The entire EPR paradox is based in, as I said, decades old theory. Experiments have shown that, well, the experiment does actually do what it says on the tin. This tells us, not as EP&R perhaps hoped, that QM is wrong, but rather that there is a core bit of reconciliation remaining. The fact that the theory is quite clear that information cannot be send at superluminal speeds, consistent with relativity, is a very big deal.
“QM does not say that reality does not exist before it is measured.”
No but what it does say is that we can never predict what reality will be because it is a matter of probabilities. Are you really saying there already exists a ‘set’ reality before any measurement is made that is independent of our measurement?
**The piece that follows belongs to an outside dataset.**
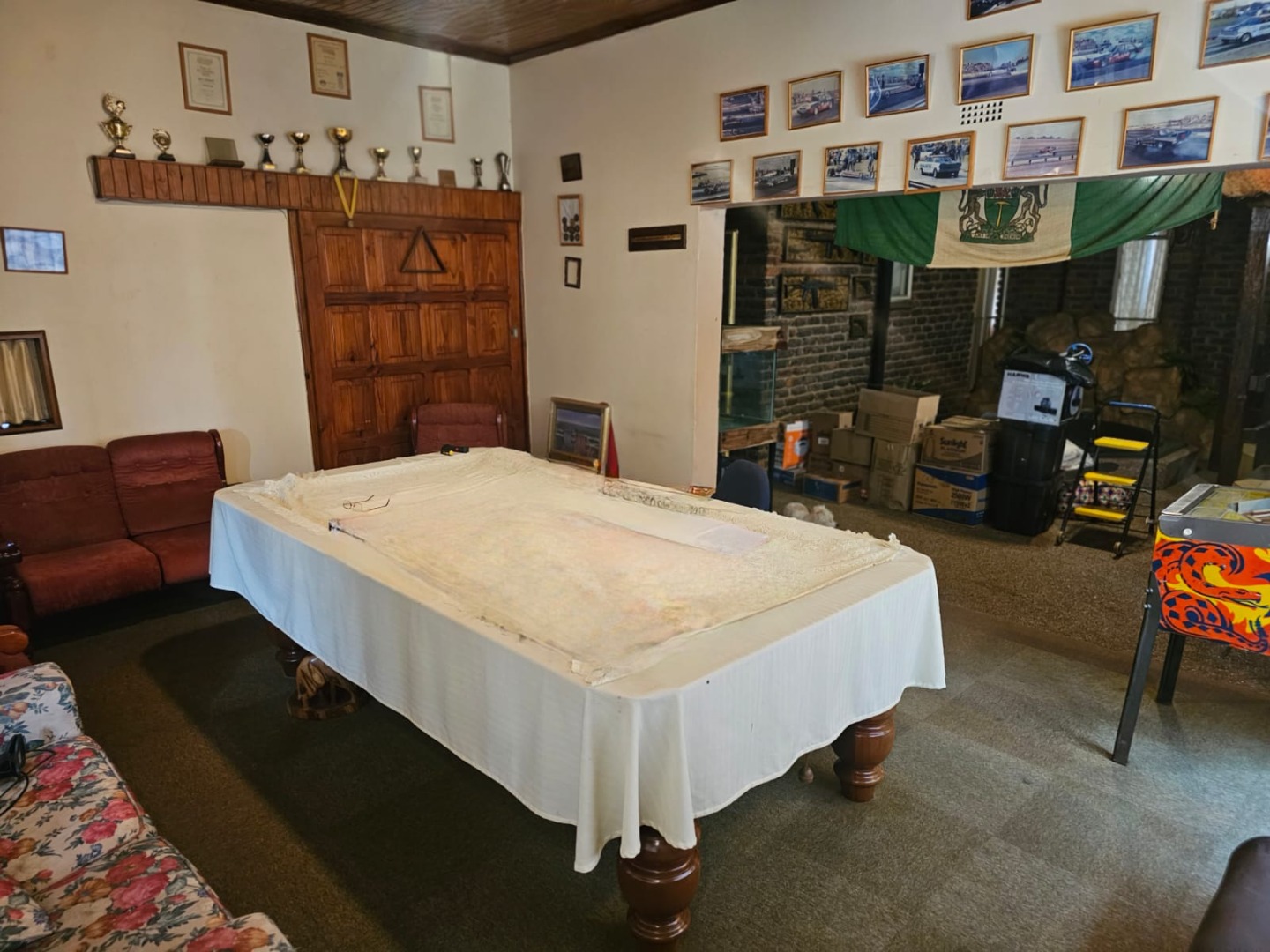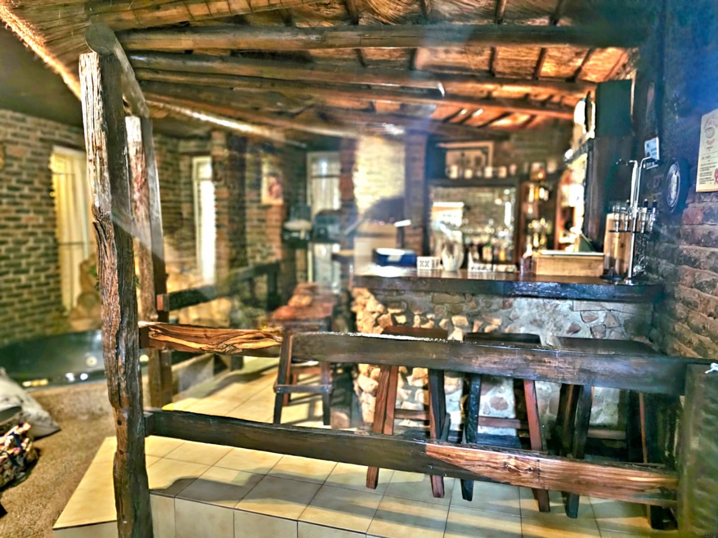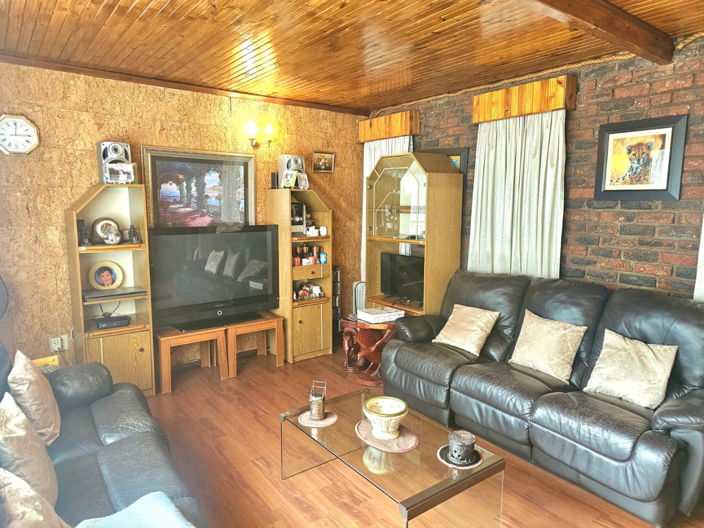 This distinguished residence, situated within the desirable Aston Manor in Kempton Park, South Africa, offers a suburban lifestyle within a secure, gated community. The established area provides convenient access to local amenities and essential transport routes. The property presents a robust brick-built exterior with a flat roof, complemented by a neatly paved driveway in a herringbone pattern leading to a double garage and an additional carport. Mature trees and well-maintained landscaping enhance the property's frontage, contributing to a distinguished first impression. Security is augmented by burglar bars and security gates, alongside electric fencing and 24-hour security within the gated community. Spanning 380 sqm, this substantial home features five bedrooms and 2.5 bathrooms, including one en-suite. The interior boasts two lounges, a dedicated dining room, and a functional kitchen equipped with modern built-in appliances such as a double oven, microwave, and induction cooktop. The kitchen offers ample storage and a pantry, catering to culinary needs. An entrance hall provides a welcoming transition into the living spaces. The property excels in outdoor living and entertainment. A large swimming pool with a spacious tiled patio is ideal for relaxation, complemented by lush greenery and palm trees. The expansive covered patio, complete with a built-in braai, offers an excellent venue for al fresco dining. A unique, rustic pub-style bar area, featuring exposed wooden beams and brick walls, provides an intimate setting for social gatherings. Further amenities include a jacuzzi, a garden, and outside toilets. Beyond the gated community's security, the property benefits from an alarm system, access gate, and security post. Fibre connectivity is available, ensuring modern communication capabilities. The presence of a borehole indicates a potential for water resilience, while paving and a totally walled perimeter enhance privacy and security. Key Features: * Five bedrooms, 2.5 bathrooms (one en-suite) * Double garage and additional carport * Expansive outdoor entertainment area with swimming pool and jacuzzi * Rustic pub-style built-in bar * Covered patio with built-in braai * Two lounges, one dining room, and a functional kitchen with pantry * Gated community with 24-hour security, alarm, and electric fencing * Fibre connectivity and borehole * Erf Size: 1487 sqm, Floor Size: 380 sqm

If so, this has found to be false. This is why our place as observers seem to play an important role in what is measured. An electron both exists and does not exist when unmeasured but settles on being an electron when measured. If you mean by ‘reality’ something or other does exist before we look at it then yes, but after we make an observation it is no longer exactly what is was before we ‘interfered’ with it. You have to remember that we are part of reality too so it’s impossible to separate the quantum world from us - it would be a false dichotomy.
“* This is the bit about the future affecting the past. The manner in which causality is possibly violated is very specific. It does not allow information to travel faster than light, and it does not allow information to travel backwards in time. The future cannot affect the past, but there is something that allows the separated events to remain entangled in a manner that cannot be currently explained. And no, you can’t change the kind of reality based upon how you set things up. That is quite specifically disallowed, and nobody expects otherwise.”
In a way you can because it is the fact that the experimenter is conscious of the information that seems to be causing the effect. Don’t ask me how because it seems very mysterious but I come back to the fact that we, as observers, seem to play a vital role in these results and it may be consciousness itself that is causing such anomalies. In fact, this seems quite logical to me because how could a quantum object be ‘aware’ of what the experiment is doing? It does seem to come back to human intervention. I think it’s probably as well to point out that we do not really understand what consciousness is so I don’t think we should automatically poo-poo this idea. You don’t seem to understand that a particle can become a wave by manipulating the experiment in the particle’s future, thereby, causing a retroactive effect. Remember, the particle has already been set as a particle and ordinarily you would expect it to remain so but this has been disproved. Are you saying that when the particle comes into existence it isn’t real? If not the the particle is real and can be made to change its ‘reality’ by a future event.’ We are all made of quantum objects so this effect should have implications for us all in some way or another. Do we really know what space and time is anyway? The answer is probably no.